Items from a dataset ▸
○ ○ ○ ○

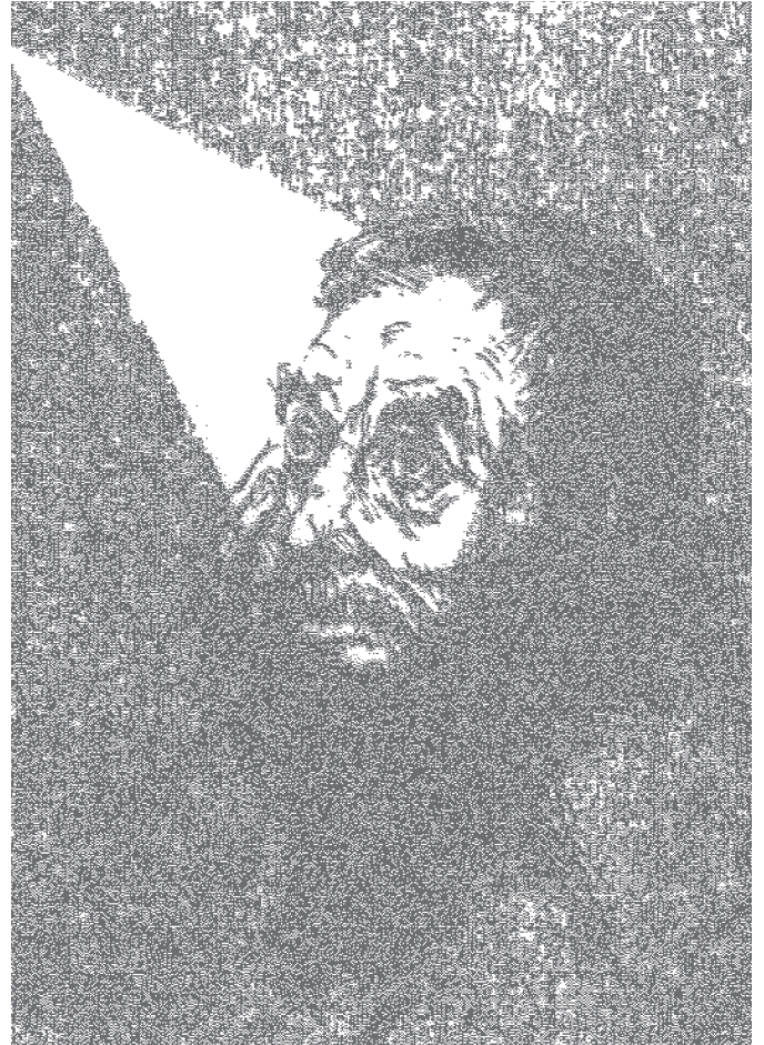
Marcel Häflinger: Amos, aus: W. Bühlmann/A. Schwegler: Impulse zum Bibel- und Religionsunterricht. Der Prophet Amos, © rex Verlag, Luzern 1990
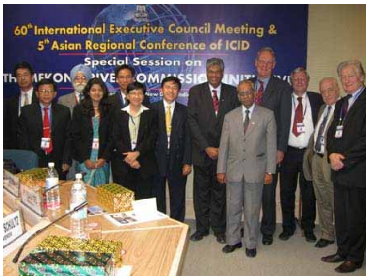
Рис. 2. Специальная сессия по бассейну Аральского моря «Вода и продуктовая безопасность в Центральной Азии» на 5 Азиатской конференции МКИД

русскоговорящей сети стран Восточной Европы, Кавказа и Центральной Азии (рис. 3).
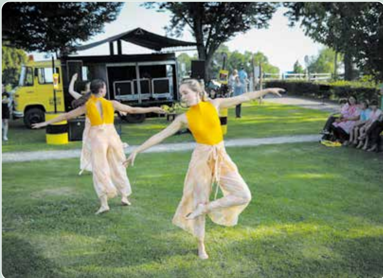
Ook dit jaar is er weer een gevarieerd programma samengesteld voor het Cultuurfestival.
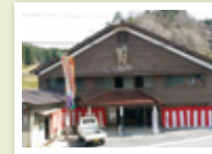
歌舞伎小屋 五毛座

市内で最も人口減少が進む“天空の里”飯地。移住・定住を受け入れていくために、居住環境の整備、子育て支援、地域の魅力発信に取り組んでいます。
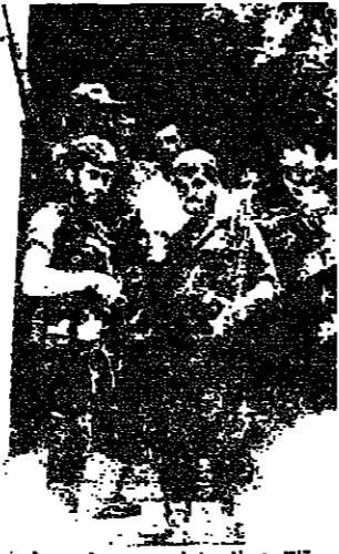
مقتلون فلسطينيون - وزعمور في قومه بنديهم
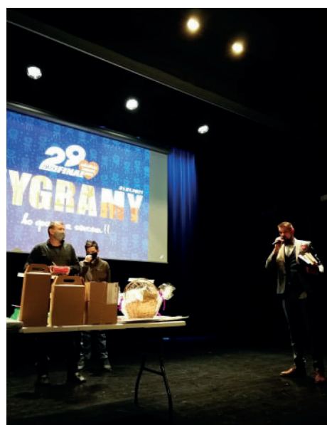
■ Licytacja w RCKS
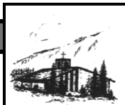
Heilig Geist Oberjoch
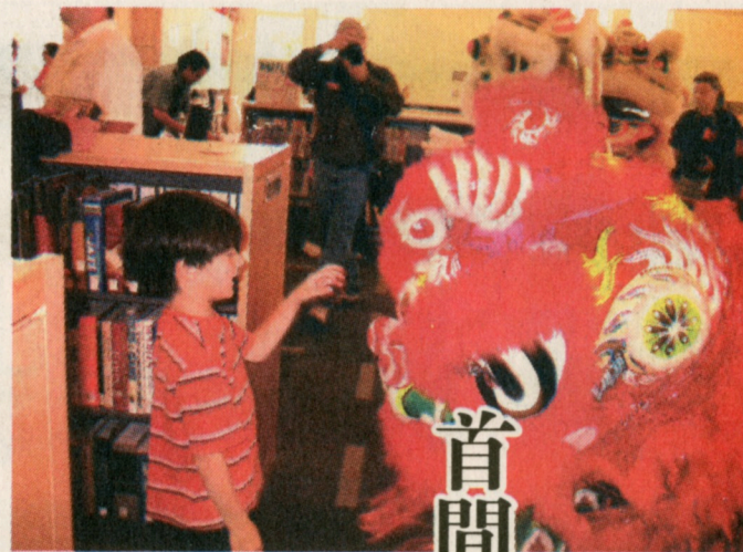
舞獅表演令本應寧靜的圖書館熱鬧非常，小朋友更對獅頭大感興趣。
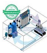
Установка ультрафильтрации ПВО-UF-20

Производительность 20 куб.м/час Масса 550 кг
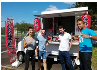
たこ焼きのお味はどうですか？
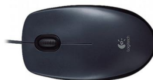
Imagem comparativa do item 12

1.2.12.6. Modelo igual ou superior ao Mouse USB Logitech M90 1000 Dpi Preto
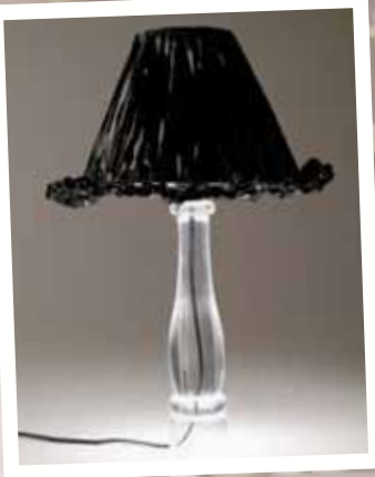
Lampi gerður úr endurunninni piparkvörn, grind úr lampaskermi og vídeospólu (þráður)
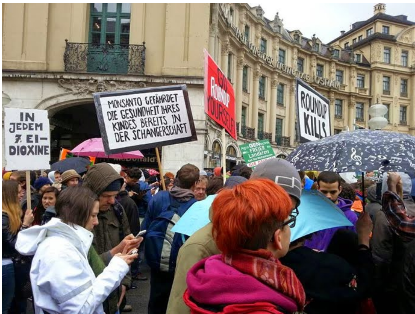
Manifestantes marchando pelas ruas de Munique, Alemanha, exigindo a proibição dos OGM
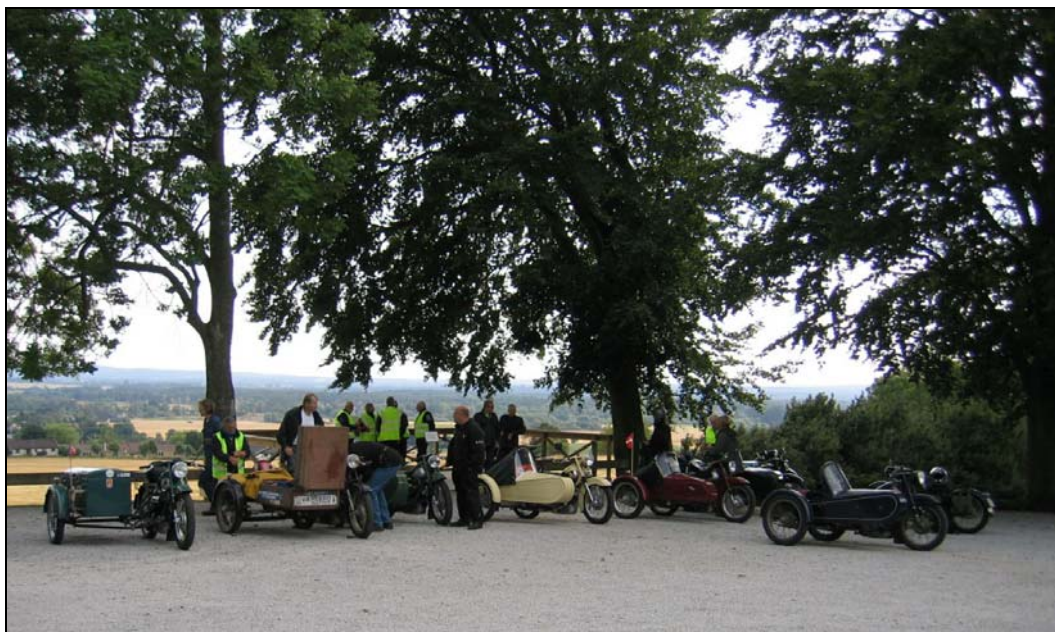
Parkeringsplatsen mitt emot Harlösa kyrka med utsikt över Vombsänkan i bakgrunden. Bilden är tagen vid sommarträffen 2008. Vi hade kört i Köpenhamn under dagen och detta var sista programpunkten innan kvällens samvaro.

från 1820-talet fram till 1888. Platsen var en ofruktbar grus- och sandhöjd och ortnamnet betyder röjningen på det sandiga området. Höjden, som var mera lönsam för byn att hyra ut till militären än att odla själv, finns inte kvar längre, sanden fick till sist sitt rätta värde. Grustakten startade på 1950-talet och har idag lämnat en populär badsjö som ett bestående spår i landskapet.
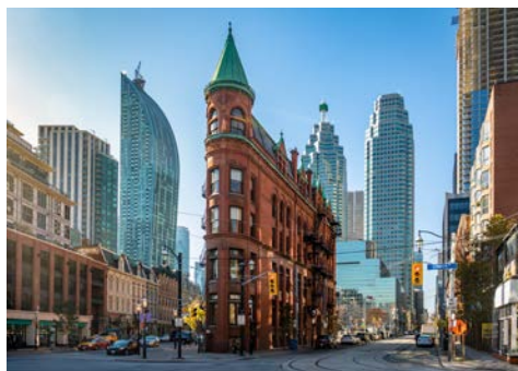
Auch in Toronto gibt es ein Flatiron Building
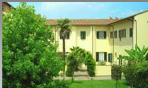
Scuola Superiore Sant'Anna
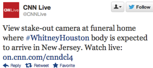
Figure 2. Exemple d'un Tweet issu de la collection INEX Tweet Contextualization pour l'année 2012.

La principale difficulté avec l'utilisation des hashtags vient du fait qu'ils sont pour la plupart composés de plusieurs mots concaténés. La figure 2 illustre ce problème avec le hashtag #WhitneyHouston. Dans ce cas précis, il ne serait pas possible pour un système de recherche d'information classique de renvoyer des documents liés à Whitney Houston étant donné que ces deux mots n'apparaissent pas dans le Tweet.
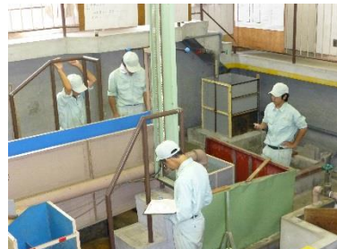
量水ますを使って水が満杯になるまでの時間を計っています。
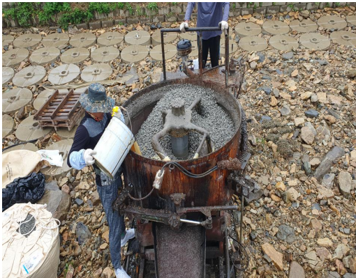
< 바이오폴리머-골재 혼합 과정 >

○ ○ ○ ○

Problem requirements ▸ What you return should match the entries word for word, pictures aside.

The answer ▸
Marcel Häflinger: Amos, aus: W. Bühlmann/A. Schwegler: Impulse zum Bibel- und Religionsunterricht. Der Prophet Amos, © rex Verlag, Luzern 1990
Рис. 2. Специальная сессия по бассейну Аральского моря «Вода и продуктовая безопасность в Центральной Азии» на 5 Азиатской конференции МКИД

русскоговорящей сети стран Восточной Европы, Кавказа и Центральной Азии (рис. 3).
Ook dit jaar is er weer een gevarieerd programma samengesteld voor het Cultuurfestival.
歌舞伎小屋 五毛座

市内で最も人口減少が進む“天空の里”飯地。移住・定住を受け入れていくために、居住環境の整備、子育て支援、地域の魅力発信に取り組んでいます。
مقتلون فلسطينيون - وزعمور في قومه بنديهم
■ Licytacja w RCKS
Heilig Geist Oberjoch
舞獅表演令本應寧靜的圖書館熱鬧非常，小朋友更對獅頭大感興趣。
Установка ультрафильтрации ПВО-UF-20

Производительность 20 куб.м/час Масса 550 кг
たこ焼きのお味はどうですか？
Imagem comparativa do item 12

1.2.12.6. Modelo igual ou superior ao Mouse USB Logitech M90 1000 Dpi Preto
Lampi gerður úr endurunninni piparkvörn, grind úr lampaskermi og vídeospólu (þráður)
Manifestantes marchando pelas ruas de Munique, Alemanha, exigindo a proibição dos OGM
Parkeringsplatsen mitt emot Harlösa kyrka med utsikt över Vombsänkan i bakgrunden. Bilden är tagen vid sommarträffen 2008. Vi hade kört i Köpenhamn under dagen och detta var sista programpunkten innan kvällens samvaro.

från 1820-talet fram till 1888. Platsen var en ofruktbar grus- och sandhöjd och ortnamnet betyder röjningen på det sandiga området. Höjden, som var mera lönsam för byn att hyra ut till militären än att odla själv, finns inte kvar längre, sanden fick till sist sitt rätta värde. Grustakten startade på 1950-talet och har idag lämnat en populär badsjö som ett bestående spår i landskapet.
Auch in Toronto gibt es ein Flatiron Building
Scuola Superiore Sant'Anna
Figure 2. Exemple d'un Tweet issu de la collection INEX Tweet Contextualization pour l'année 2012.

La principale difficulté avec l'utilisation des hashtags vient du fait qu'ils sont pour la plupart composés de plusieurs mots concaténés. La figure 2 illustre ce problème avec le hashtag #WhitneyHouston. Dans ce cas précis, il ne serait pas possible pour un système de recherche d'information classique de renvoyer des documents liés à Whitney Houston étant donné que ces deux mots n'apparaissent pas dans le Tweet.
量水ますを使って水が満杯になるまでの時間を計っています。
< 바이오폴리머-골재 혼합 과정 >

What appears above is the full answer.